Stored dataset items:
+++
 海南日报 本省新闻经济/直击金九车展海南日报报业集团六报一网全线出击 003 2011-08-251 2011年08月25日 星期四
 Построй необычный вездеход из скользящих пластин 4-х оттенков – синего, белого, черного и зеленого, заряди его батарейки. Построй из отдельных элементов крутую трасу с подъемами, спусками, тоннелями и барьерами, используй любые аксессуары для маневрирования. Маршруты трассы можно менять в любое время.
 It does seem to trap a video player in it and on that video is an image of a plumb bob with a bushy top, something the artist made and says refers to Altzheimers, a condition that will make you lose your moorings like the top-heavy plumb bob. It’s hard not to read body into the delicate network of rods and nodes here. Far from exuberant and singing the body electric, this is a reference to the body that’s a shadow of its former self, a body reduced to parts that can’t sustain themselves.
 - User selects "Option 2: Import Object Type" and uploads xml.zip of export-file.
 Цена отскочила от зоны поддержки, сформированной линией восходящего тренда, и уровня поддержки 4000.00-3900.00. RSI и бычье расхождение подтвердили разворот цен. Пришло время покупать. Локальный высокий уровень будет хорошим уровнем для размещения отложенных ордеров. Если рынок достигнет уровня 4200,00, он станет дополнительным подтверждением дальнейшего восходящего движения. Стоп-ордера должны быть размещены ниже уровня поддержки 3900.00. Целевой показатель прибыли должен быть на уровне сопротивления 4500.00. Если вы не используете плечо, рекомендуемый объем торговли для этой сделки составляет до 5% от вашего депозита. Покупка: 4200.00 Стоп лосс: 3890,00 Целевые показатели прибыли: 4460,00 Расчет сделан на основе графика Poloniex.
+++
• Problem description:
Your task is to repeat the data exactly, with nothing left out.

• Written response:
 海南日报 本省新闻经济/直击金九车展海南日报报业集团六报一网全线出击 003 2011-08-251 2011年08月25日 星期四
 Построй необычный вездеход из скользящих пластин 4-х оттенков – синего, белого, черного и зеленого, заряди его батарейки. Построй из отдельных элементов крутую трасу с подъемами, спусками, тоннелями и барьерами, используй любые аксессуары для маневрирования. Маршруты трассы можно менять в любое время.
 It does seem to trap a video player in it and on that video is an image of a plumb bob with a bushy top, something the artist made and says refers to Altzheimers, a condition that will make you lose your moorings like the top-heavy plumb bob. It’s hard not to read body into the delicate network of rods and nodes here. Far from exuberant and singing the body electric, this is a reference to the body that’s a shadow of its former self, a body reduced to parts that can’t sustain themselves.
 - User selects "Option 2: Import Object Type" and uploads xml.zip of export-file.
 Цена отскочила от зоны поддержки, сформированной линией восходящего тренда, и уровня поддержки 4000.00-3900.00. RSI и бычье расхождение подтвердили разворот цен. Пришло время покупать. Локальный высокий уровень будет хорошим уровнем для размещения отложенных ордеров. Если рынок достигнет уровня 4200,00, он станет дополнительным подтверждением дальнейшего восходящего движения. Стоп-ордера должны быть размещены ниже уровня поддержки 3900.00. Целевой показатель прибыли должен быть на уровне сопротивления 4500.00. Если вы не используете плечо, рекомендуемый объем торговли для этой сделки составляет до 5% от вашего депозита. Покупка: 4200.00 Стоп лосс: 3890,00 Целевые показатели прибыли: 4460,00 Расчет сделан на основе графика Poloniex.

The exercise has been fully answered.